Я полагаю, это могло бы показаться трагическим или ужасным концом, если бы вы
смотрели на это образно со стороны Хетоха оленя; но как
это выглядело бы, если бы вы посмотрели на это образно с точки зрения
о волчице Малсун, голодном волке, который должен брать все, что угодно, чтобы утолить свой голод.

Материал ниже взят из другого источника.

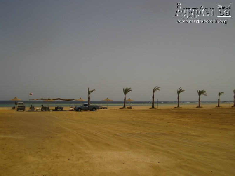 Leider war das Hotel nicht direkt am Strand, wir mussten max. 5 Minuten zum „Strand“ laufen. Es war allerdings kein Sandstrand – wie in der Hotelbeschreibung beschrieben – sondern ein festgestampfter Sand/Erde/Kies-Boden. Genügen Sonnenliegen mit Bastschirmen waren vorhanden und über eine Stelle in der Korallenbucht konnte man auch bequem ins Wasser gehen. Entweder nur zum Schwimmen oder auch zum Schnorcheln. Die beste Sicht hatte man morgens, da nachmittags das Meer schon etwas aufgewühlt war.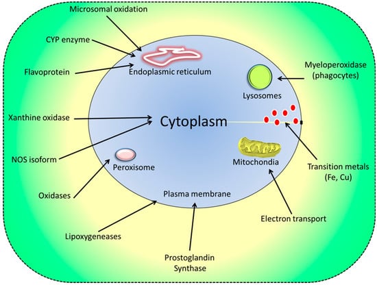 Endogeneous sources of ROS and RNS. Where, ROS, reactive oxygen species; RNS, reactive nitrogen species; CYP, cytochrome; NOS, nitric oxide synthase.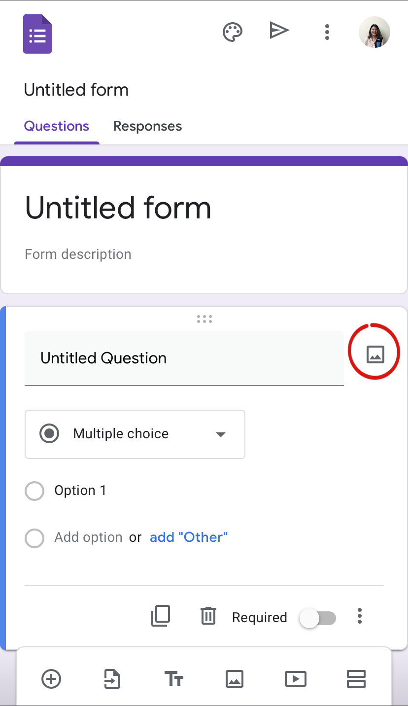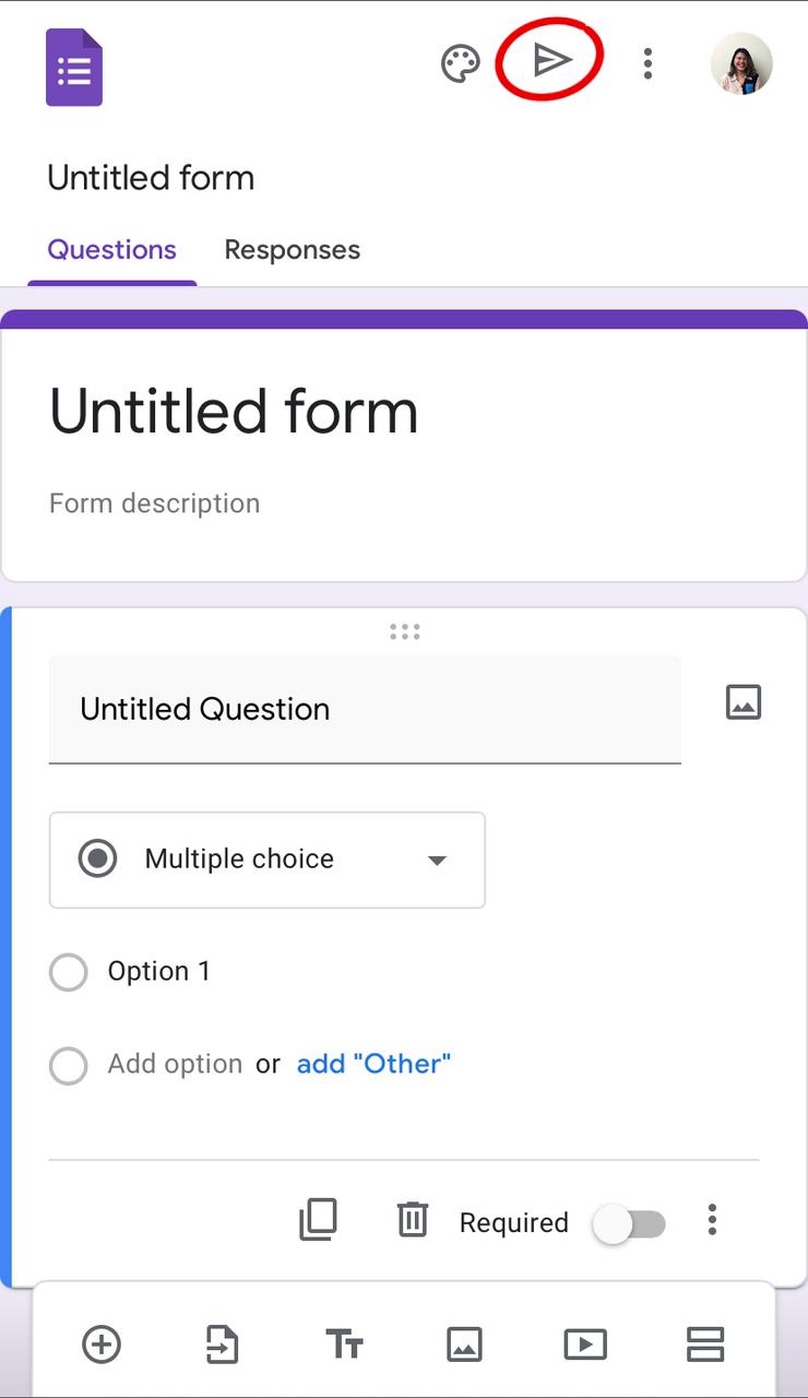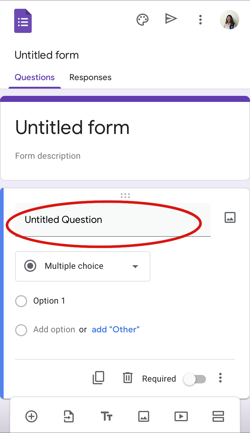 7. Selanjutnya, untuk pertanyaan atau data yang mau dikumpulkan wajib diisi, maka Bapak/Ibu bisa mengaktifkan pilihan required yang terletak di bagian bawah kanan setelah melengkapi kolom untitled question.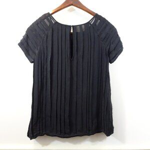 Joie 100% Silk Black Pleated Short Sleeve Blouse Small Raw Edge Career Wear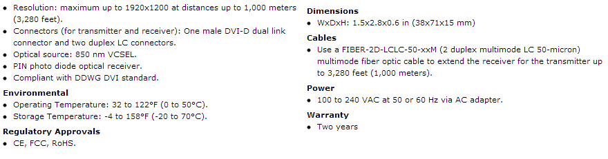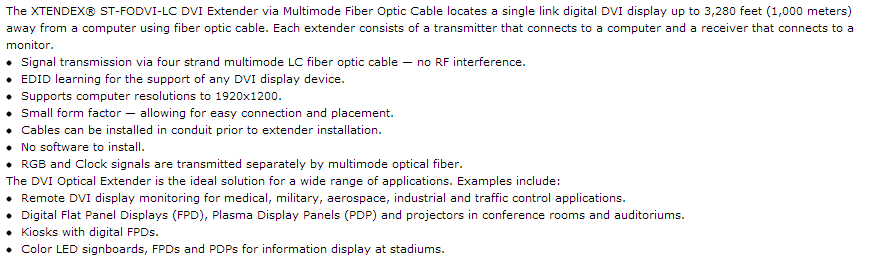 DVI Extender via Multimode Fiber Optic Cable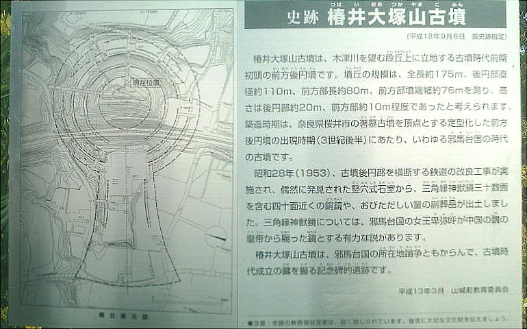 椿井大塚山古墳については、南山城に住む〇〇さんの、以下のホームページが詳しい。ここを見ればこの古墳の全貌がわ

мать-природа предлагает ему? Если вы решите баллотироваться
Что касается оленя, как более благородного животного, то было бы неразумно судить о нём по последнему событию в его жизни, игнорируя все счастливые дни, которые были до этого. Он прожил пять или шесть лет, как я понял по его развитию, и умер за минуту. Следует также помнить, что представление о смерти и страх смерти — это полностью результат воображения. А что касается воображения — этой чудесной творческой способности, которая
позволяет нам представлять себе невидимое или следовать за неизвестным и которая
является высшим свойством человеческого разума, — то у оленя, вероятно, его было очень мало.
немного; конечно, недостаточно, чтобы вдохновить или встревожить его. Жизнь
была всем, что он знал, когда быстро наступил конец. Он совершенно не
представлял себе смерть и поэтому не боялся её. Такая вещь, как трагедия, была для него немыслима.
Дело в том, что в нашем современном взгляде на природу, который мы считаем научным, хотя на самом деле он просто книжный и бездумный, мы склонны позволять мгновению или случайному эпизоду смерти затмевать весь вид жизни — жизни с её досуговыми часами, сменяющимися временами года, работой, играми и отдыхом. Выйти на улицу и
взглянуть на природу непредвзятыми глазами - значит понять, что смерть - это
всего лишь опущенный занавес в спектакле. Сцены в которых играть
удален, так как этого другого этапа откуда он пришел сюда, мы еще
не знание; но мы ясно видим, что для его завершения
однако каждая жизнь, малая или большая, должны были его покинуть, а также его
вход. Качество жизни следует судить не по его
мгновенный и загадочный крайности, но долго, сладострастия,
удовольствие-находить дней, которые лежат между ее конец и свое начало.